Given that I’ve now been using TshwaneLex for a few weeks I thought I’d post an update on how it’s going. In general, it’s going pretty well.
- If you’re going to change the DTD (and you’ll probably need to, if you have custom information or a trilingual dictionary), it’s important to plan in advance and ideally document what you’ve done. It’s easy to introduce inconsistencies and they are a pain to change later on (it’s possible, but it’s easier not to have to). For example, I ended up with the scientific name field in two places. I reimported the data to the correct field instance, checked it was ok, then deleted the unwanted field).
- The field structure enforcement is worth the time it took to import the data. Generally sorting stuff out has been pretty good.
- I’ve set up a few versions of the dictionary, including a wordlist, a full version, and a Toolbox export (which puts the backslash codes back before the items). This has been easier than modifying CCT exports by hand for Toolbox, although the difference isn’t all that big.
- Editing is taking longer. The navigation is a little more time-consuming, since adding fields is a hierarchical process, but compared to the amount of time it’s taking to edit the damn dictionary because of inconsistent entry in the first place, it’s probably worth the tradeoff.
- I really like being able to work on the English – Yan-nhangu section of the dictionary at the same time.

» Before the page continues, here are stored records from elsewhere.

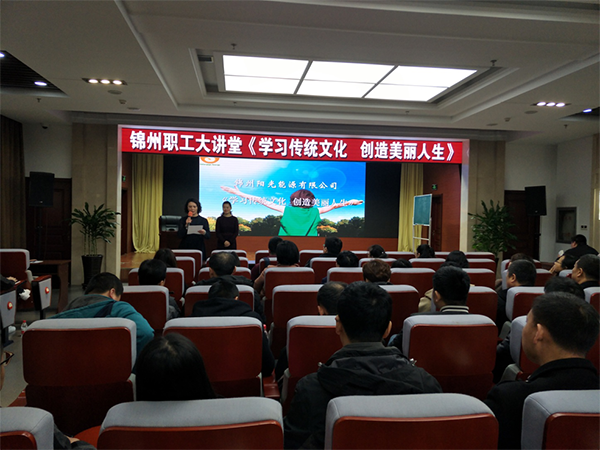 為弘揚(yáng)優(yōu)秀傳統(tǒng)文化,傳承國(guó)學(xué)先賢思想,提升干部職工思想道德境界,3月16日我司工會(huì)在錦州市職工會(huì)館四樓組織開展《學(xué)習(xí)傳統(tǒng)文化、創(chuàng)造美麗人生》培訓(xùn)講座,集團(tuán)職能部門管理人員及各專業(yè)公司主管及以上人員、光伏行業(yè)各企業(yè)職工共計(jì)160人參加。
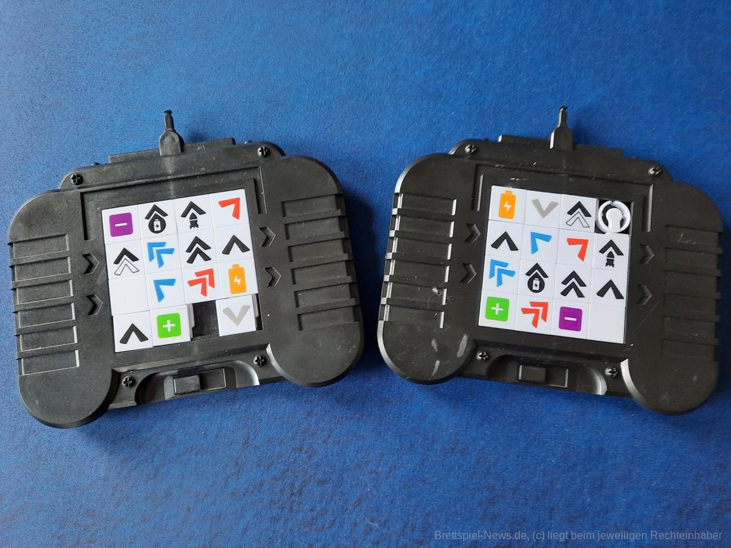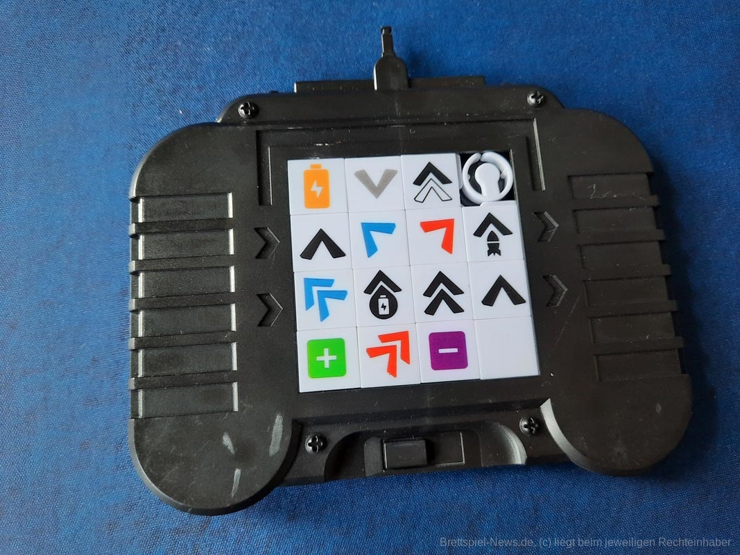 Sobald alle bereit sind werden die Fernbedienungen umgedreht und die Laufbahn des eigenen Autos programmiert. Auf der Fernbedienung befindet sich ein 4x4-Raster mit Symbolen, wobei eine Stelle leer ist. Diese Symbole können hin- und hergeschoben werden. Am Ende des Programmierens werden nur die beiden mittleren Reihen abgehandelt. Die obere und untere Reihe verfallen ganz einfach. Die Symbole geben etwa an, dass der eigene Wagen ein oder zwei Felder nach vorne fährt oder diagonal in die eine oder andere Richtung. Es kann eine Rakete geradeaus geschossen werden, um die Batterie-Marker der anderen auf die leere Seite zu drehen oder es wird eine eigene wieder aufgeladen. Wer mit Programmieren fertig ist, schnappt sich schnell den obersten Smiley von einem der Stapel. Dieser zeigt hinten eine Eins und sichert den ersten Platz in der Zugreihenfolge. Nach der vorletzten Person hat die verbliebene noch zehn Sekunden Zeit, bis die Programmierphase endet und der letzte Smiley genommen wird, der auch noch eine Batterie verbraucht. Die Strafe dafür, so lange gebraucht zu haben.
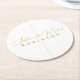 Elegant Gold Script Personalised Monogram Wedding Round Paper Coaster
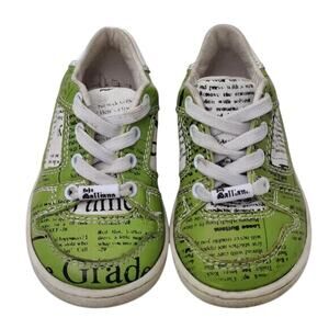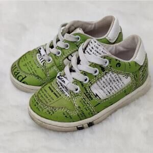 Vintage Y2K John Galliano Green newspaper Print sneakers sz 20/4.5 us
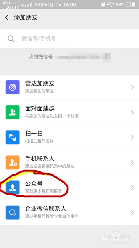 在添加朋友的界面,我们在最下方找到公众号,选择公众号。

This takes some doing in Toolbox (well, it requires the creation of two lexica…) I wish I could work on the Dhuwal section too, but since i know that language much less well than English or Yan-nhangu, the processing and addition of information won’t be as intensive. I suspect, since there’s a high degree of syntactic and semantic isomorphism between Yan-nhangu and Dhuwal, I’ll be able to reverse the Dhuwal and Yan-nhangu glosses, change the audience and layout but keep most of the structure. That’s not true for the English part of the dictionary.